データシートとは

データシートとは、AI学習に使うデータセットに添える、そのデータの素性をまとめた説明文書のことです。AIモデル自体を説明するモデルカードと対になり、こちらは「学習に使ったデータ」の側を記録します。

データの素性を記録する

データシートには、そのデータが何のために作られ、どんな中身で、どう集められ、どんな使い道が向いているかが記録されます。AIの品質や偏りの問題は、もとをたどると学習データの素性に行き着くことが少なくありません。データの作り手と使い手が、認識を取り違えないための橋渡しになる文書だと言えるでしょう。モデルカードと同じく2018年に提唱され、機械学習の透明性を高める取り組みとして広まりました。

Topic名前は、電子部品の世界から借りてきた

「データシート」という言葉は、もともと電子部品の世界の用語です。抵抗やICといった部品には必ず仕様書(データシート)が付いてくる、というものづくりの慣習を、AIの学習データにも持ち込もうという発想から名づけられました。
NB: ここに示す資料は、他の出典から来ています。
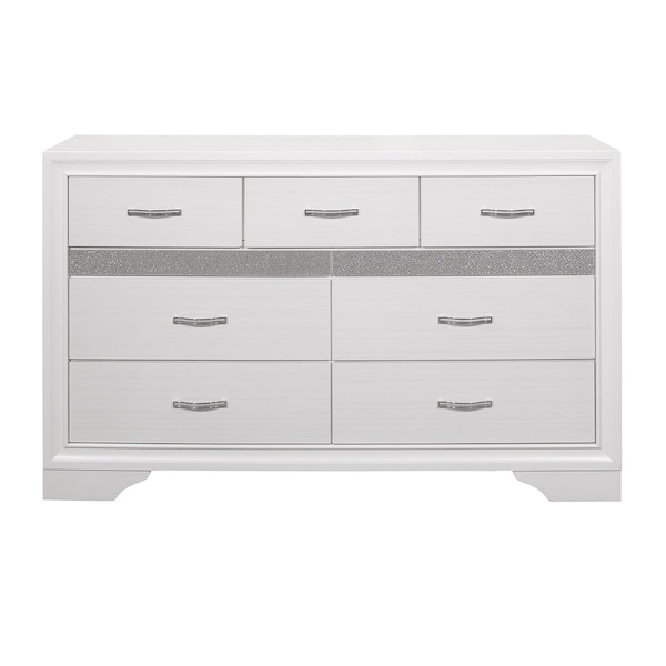 The unique styling of the Luster Collection presents a glamorous option for your bedroom. The dresser's embossed faux-wood veneer features a white finish that allows for the acrylic silver glitter front of the hidden jewelry drawer to shine. The jewelry drawer features felt lining to protect your hidden items from wear and tear. Polished chrome bar drawer pulls front the drawers providing complementing contrast to the collection's finish.

まったく新しい造語ではなく、長く根づいた習慣の借用だという点が面白いところです。

データシートに関するよくある質問

モデルカードとは何が違うのですか?
対になる文書で、対象が違います。モデルカードが「学習済みのAI」を説明するのに対し、データシートは「学習に使ったデータ」の素性(目的・中身・集め方・向く用途)を記録します。AIの偏りや品質の問題は、もとをたどると学習データに行き着くことが少なくないためです。
「データシート」という名前の由来は?
もともと電子部品の世界の用語です。抵抗やICといった部品には必ず仕様書(データシート)が付く、というものづくりの慣習を、AIの学習データにも持ち込もうという発想から名づけられました。2018年に提唱されています。